Repeat the data exactly, please; no pictures belong in the copy.

** Opening Collected data block **

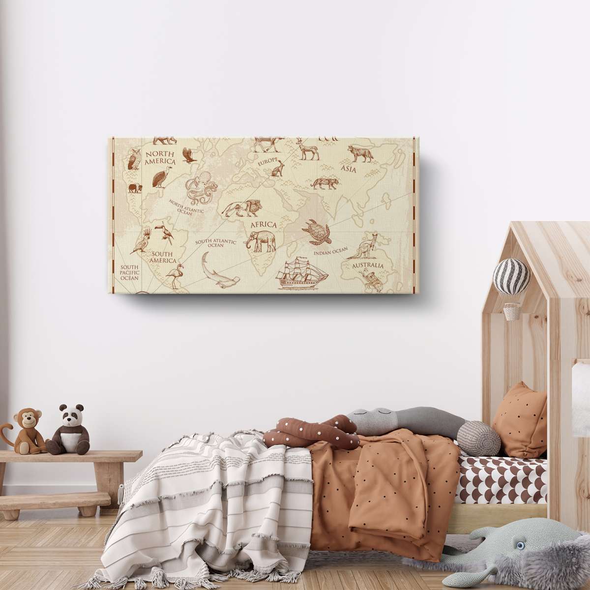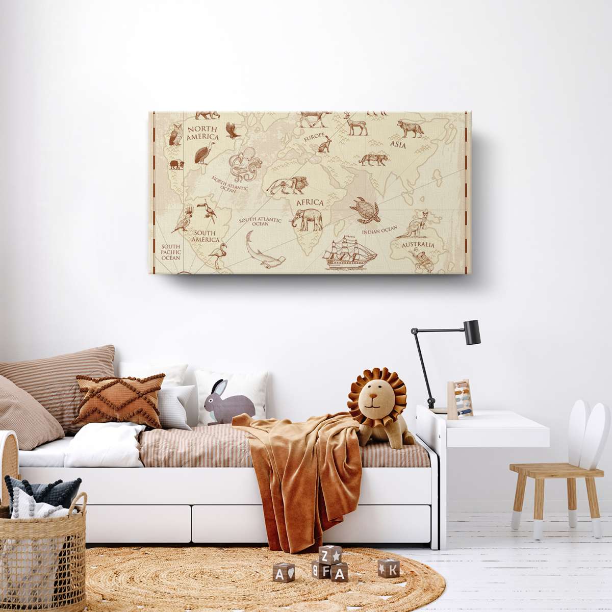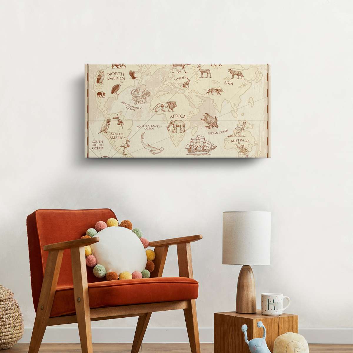 Dětská mapa světa, vintage styl - ilustrace
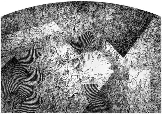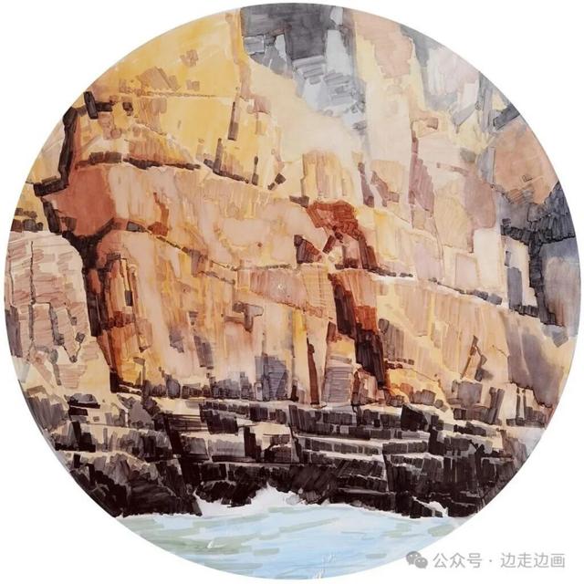 在写实性绘画方面,以任志忠老师的《自然之痕》系列作品为例,其选用的题材相对传统,表现雄伟壮丽的自然景观,画面核心聚焦于岩石的质地和色彩。然而该作并未采用传统风景画的全景式描绘,转而对岩石局部进行特写式刻画,通过这种视角,马克笔的材料特性在特殊媒介表面上得到了充分的发挥。一方面运用厚涂法,塑造了平整的面状结构,体现岩石的坚硬质感,另一方面又以硬朗、短促的块状笔触切割画面,在面之上形成了细密的点、线,笔触的方向和疏密则随岩石的纹理走向灵活变化,结合圆形构图,在整体饱满的情况下不失节奏感,形成了以局部感受整体的视觉效果,实现了与题材的有效结合。
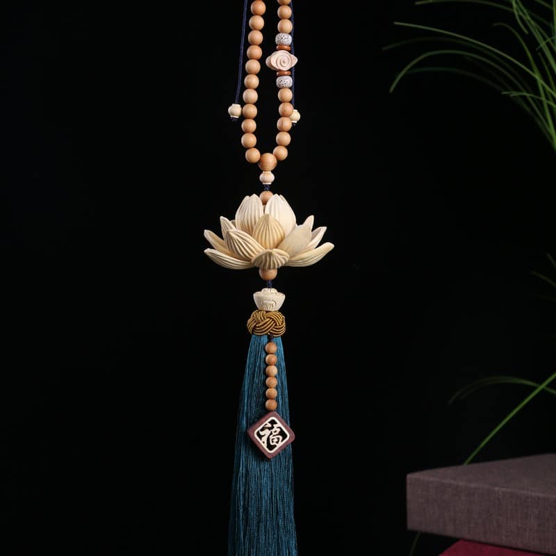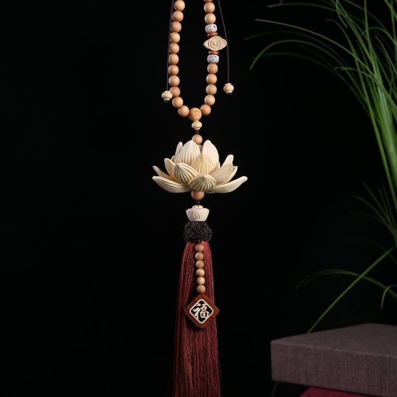 Dây Treo Phong Thủy Xe Hơi Hoa Sen May Mắn Điêu Khắc 5D Thủ Công
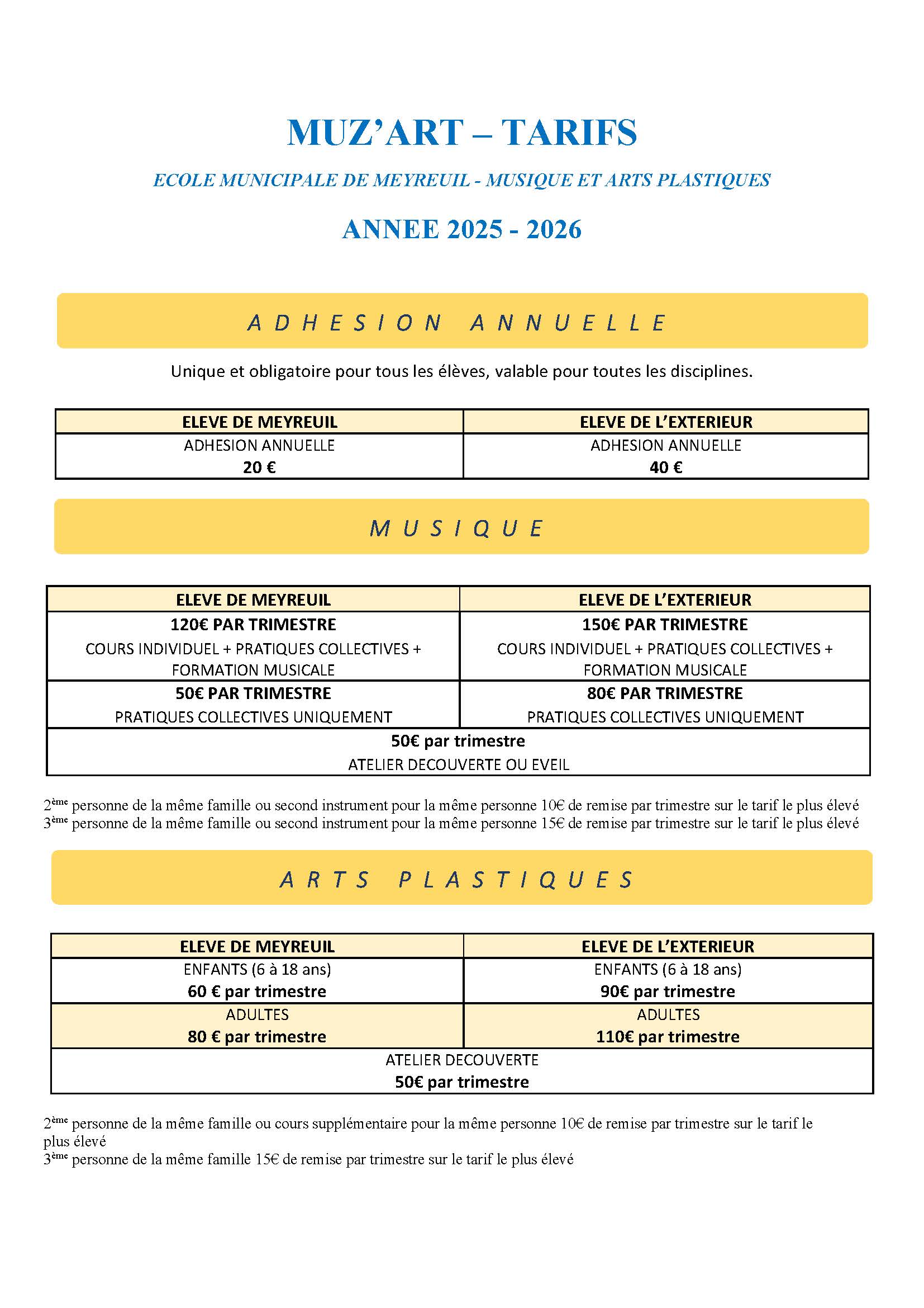 Les renseignements, inscriptions et règlements pour les cours de musique et d’arts plastiques se font exclusivement à l’école Muz’art.

** Closing Collected data block **

### [Result for this task]
 Dětská mapa světa, vintage styl - ilustrace
 在写实性绘画方面,以任志忠老师的《自然之痕》系列作品为例,其选用的题材相对传统,表现雄伟壮丽的自然景观,画面核心聚焦于岩石的质地和色彩。然而该作并未采用传统风景画的全景式描绘,转而对岩石局部进行特写式刻画,通过这种视角,马克笔的材料特性在特殊媒介表面上得到了充分的发挥。一方面运用厚涂法,塑造了平整的面状结构,体现岩石的坚硬质感,另一方面又以硬朗、短促的块状笔触切割画面,在面之上形成了细密的点、线,笔触的方向和疏密则随岩石的纹理走向灵活变化,结合圆形构图,在整体饱满的情况下不失节奏感,形成了以局部感受整体的视觉效果,实现了与题材的有效结合。
 Dây Treo Phong Thủy Xe Hơi Hoa Sen May Mắn Điêu Khắc 5D Thủ Công
 Les renseignements, inscriptions et règlements pour les cours de musique et d’arts plastiques se font exclusivement à l’école Muz’art.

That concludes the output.